If you plan to deploy spit and slurp into production, you’d be advised to write to a temporary file and utilize an atomic rename. This ensures that a failure during writing won’t corrupt your database. See man rename for more.

function saveData() {
  fs.writeFileSync("somefile.tmp", JSON.serialize(db));
  fs.renameSync("somefile.tmp", "somefile");

Just this one little tweak and this bad boy is production ready. Clojure programmers can use Java’s File.renameTo method. See below.

Remember to configure your backups!

Don’t Stop The World

Experienced Node.js programmers likely cringed at the “Sync” suffix on the above file operations. These operations will block while data is being read or written. In addition to yielding clearer example code, synchronous operations do not require coordination. If your application only needs to serve a handful of users, you can still write 100 megabytes of data in less than half a second. Even if you write every change to a file on every request, your ten users might not even notice your blocking IO. As you scale up, you’ll need to either split your data files up and/or start writing files asynchronously.

Asynchronous means coordination. Coordination means locking or queues. This stuff really isn’t as scary as it sounds, but it will have to wait; this post has already gotten far too long. However, I don’t want to lead you down the wrong path, so I should mention that, unlike Node.js, synchronous writes on the JVM will not block other requests. You practically don’t have a choice, but to be asynchronous. If two requests both call your save function at the same time, the resulting race condition can lead to incremental data loss. Luckily, Clojure’s agents and persistent data structures provide for a super quick fix:

(import '

(def save-agent (agent nil))

(defn save-data []
  (send-off save-agent
    (fn [_]
      (spit "somefile.tmp" (prn-str @db))
      (.renameTo (File. "somefile.tmp") (File. "somefile")))))

Different web servers across all the different languages have varying concurrency support and configuration defaults.

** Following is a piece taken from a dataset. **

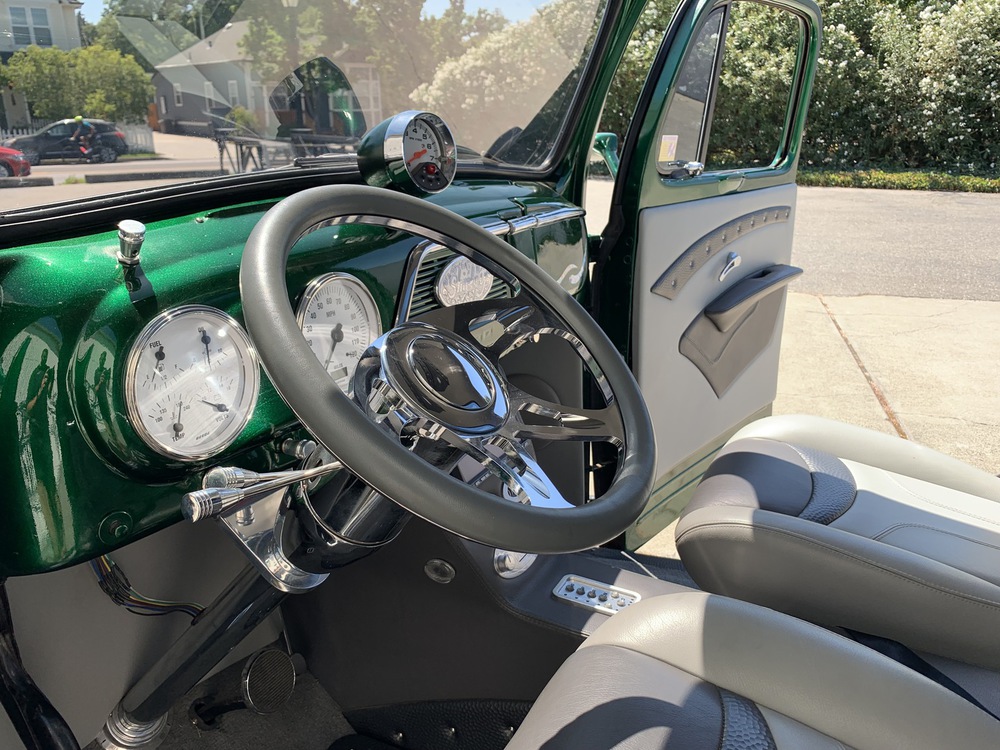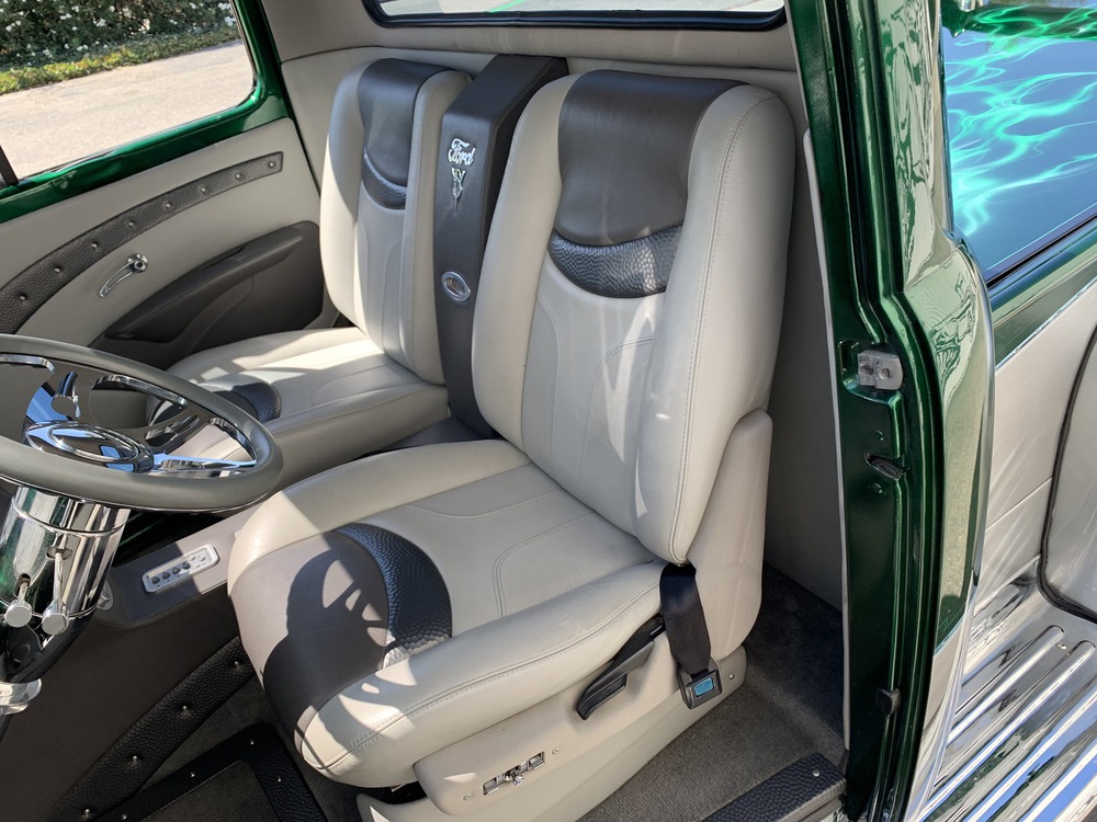 We love the custom details, and the true-blue Ford badging. Modern seating in gray leather is a welcome upgrade, and the custom work done on the dash and glovebox is meticulous and very cool. Plus the two-door, two-seater has A/C, and an upgraded kickass sound system.
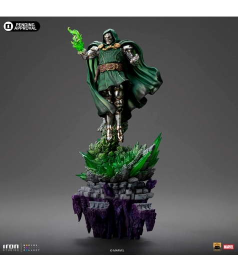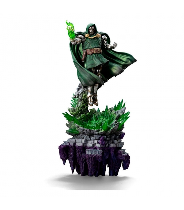 Figura de Doctor Doom (30 cm) de Iron Studios, fabricada en polystone, un compuesto de resina de poliuretano con aditivos de piedra en polvo que proporciona un acabado similar a la piedra. Pintada a mano, muestra al icónico villano de Marvel en una pose imponente, con capa, armadura metálica y base escénica detallada. Producto oficial, ideal para tiendas especializadas en figuras premium, superhéroes y coleccionismo.

Whether or not you use file IO, you should be aware of the concurrency story for your platform and its impact on your application.

Code Density

I’ve heard from many folks who have had difficulty learning functional programming. In attempting to complete seemingly simple tasks, even the most experienced imperative and object oriented programmers fall flat on their faces when first attempting to program in a functional style. Yet, experienced functional programmers rave about their productivity and their small, beautiful codebases. Are these functional programmers simply that much smarter? Or is there some other force at work?

Even in a familiar language, a small, but powerful library might be described as “write-only code” by those who do not grok the fundamental ideas. Powerful ideas produce powerful programs, but powerful programs don’t always shed light on their underlying powerful ideas. Functional programming is a powerful idea.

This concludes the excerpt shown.